--- Given material Enclosed Below ---
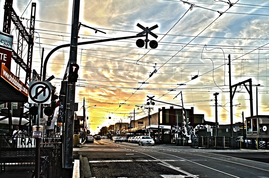 Ich komme aus der City, der Zug hält quietschend im Bahnhof und ich steige aus. Es ist Freitagabend, die Sonne geht langsam unter. Allmählich werden die Schatten länger und der spätsommerliche Abendhimmel erstrahlt in einem goldenen Licht. Für den Zug geht es weiter, immer weiter in Richtung Frankston. Stück für Stück heben sich die Schranken des Bahnübergangs und alles setzt sich wieder in Bewegung.
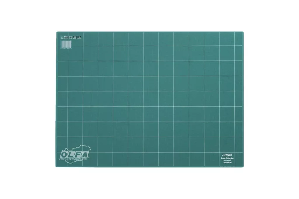 OLFA NCM-M - Deluxe Vágóalátét. 62 x 45 cm-es, 3 mm vastagságú, speciális három rétegű "öngyógyuló" vágólap. A vágóalátéten 5 cm-es beosztású rácsvonal található. Egyaránt használható körpengés foltvarró "patchwork", 9 mm-es és 18 mm-es standard valamint dekorációs késekkel.
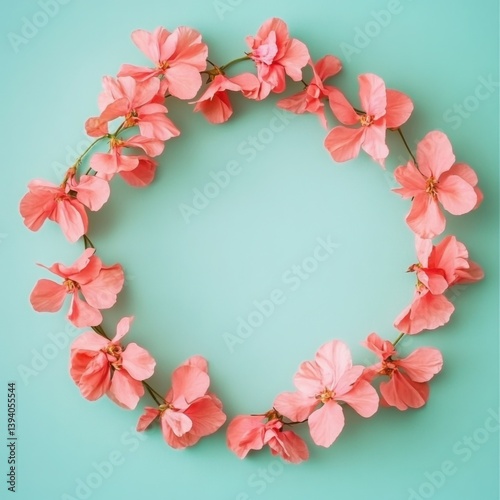 flower, floral, chaplet, coral, blossom, bloom, circle, frame, arrangement, decorative, decoration, spring, summer, light, pastel, blue, background, design, nature, plant, botanical, freshness, romantic, season, valentine, invitation, card, template, border, elegant, feminine, copy space, space, bright, beauty
--- End of Enclosed Given material ---
> **Assignment**
The line with "OLFA NCM-M - Deluxe" marks the end: restate word for word every line from the top of the data through that one, omitting pictures.

> **Output for this exercise**
 Ich komme aus der City, der Zug hält quietschend im Bahnhof und ich steige aus. Es ist Freitagabend, die Sonne geht langsam unter. Allmählich werden die Schatten länger und der spätsommerliche Abendhimmel erstrahlt in einem goldenen Licht. Für den Zug geht es weiter, immer weiter in Richtung Frankston. Stück für Stück heben sich die Schranken des Bahnübergangs und alles setzt sich wieder in Bewegung.
 OLFA NCM-M - Deluxe Vágóalátét. 62 x 45 cm-es, 3 mm vastagságú, speciális három rétegű "öngyógyuló" vágólap. A vágóalátéten 5 cm-es beosztású rácsvonal található. Egyaránt használható körpengés foltvarró "patchwork", 9 mm-es és 18 mm-es standard valamint dekorációs késekkel.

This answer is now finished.